7. The device of claim 1, further comprising a storage medium for storing at least a portion of the First Information Signal.

8. The device of claim 1, further comprising means for generating at least a portion of the Second Information Signal from data stored within said communication device.

9. The device of claim 1, further comprising a stored record of biometric data pertaining to a holder of said communication device, and wherein the signal-generating device is adapted to include at least some of said data in the Second Information Signal.

10. The device of claim 1, further comprising:
an energy-transfer element; and an energy-storage element that is rechargable through the energy-transfer element.
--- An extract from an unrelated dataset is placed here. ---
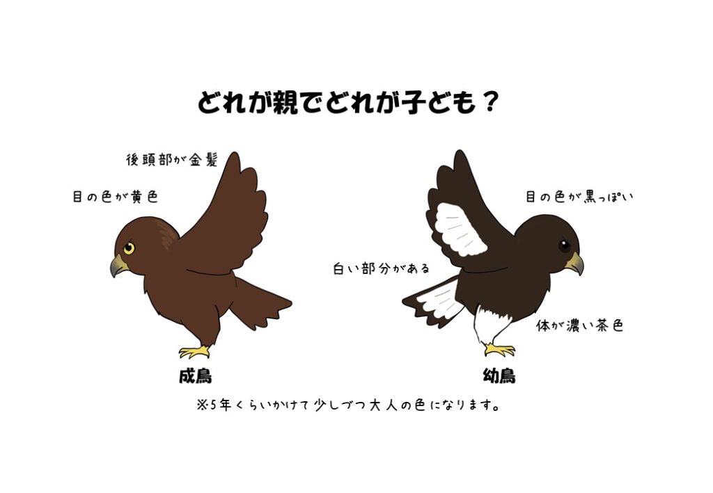 イヌワシはオスもメスもほとんど同じような見た目ですが、オスの方が少し体が小さい傾向にあります。

11. The device of claim 10, wherein the energy-transfer element comprises a coil.

12. The device of claim 10, wherein the energy-storage element comprises a capacitor.

13. The device of claim 1, further comprising a solar cell and an energy storage device chargeable from the solar cell.
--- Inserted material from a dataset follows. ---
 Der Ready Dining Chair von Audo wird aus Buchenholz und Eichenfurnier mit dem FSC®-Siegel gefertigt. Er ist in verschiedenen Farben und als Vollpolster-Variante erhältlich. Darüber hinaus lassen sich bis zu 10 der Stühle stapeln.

14. The device of claim 1, further comprising:
a signal processor having a sleep mode and a waking mode; and means for regularly awakening the processor from the sleep mode.

15. The device of claim 1, further comprising:
a signal processor having a sleep mode and a waking mode; and a radio-frequency (RF) detector, wherein:
the signal processor is responsive to the RF detector such that when the presence of an RF field is detected, the signal processor is awakened from the sleep mode.

16. The device of claim 1, further comprising:
a graphic; and an antenna at least partially situated beneath the graphic.

17. The device of claim 1, further comprising:
a graphic; and an energy transfer device at least partially situated beneath the graphic.

18. The device of claim 16 or claim 17, wherein the graphic is a picture of a holder of said communication device.

19. The device of claim 16 or claim 17, wherein the graphic is a company or organizational logo.

20. The device of claim 1, further comprising:
a plurality of pushbuttons constituting a mathematical keyboard; and a microprocessor in receiving relationship to the pushbuttons, the microprocessor adapted to perform at least some mathematical operations in response to manipulations of the pushbuttons, and to display results of such operations on the display device.

21. The device of claim 1, further comprising:
at least one pushbutton for designating an emergency mode; and means, responsive to the pushbutton, for executing an emergency mode upon receipt of the next First Information Signal after an emergency mode has been designated; wherein:

the signal-generating device is responsive to the emergency-mode executing means, such that when the emergency mode is executed, a Second Information Signal is generated containing data indicating an emergency condition.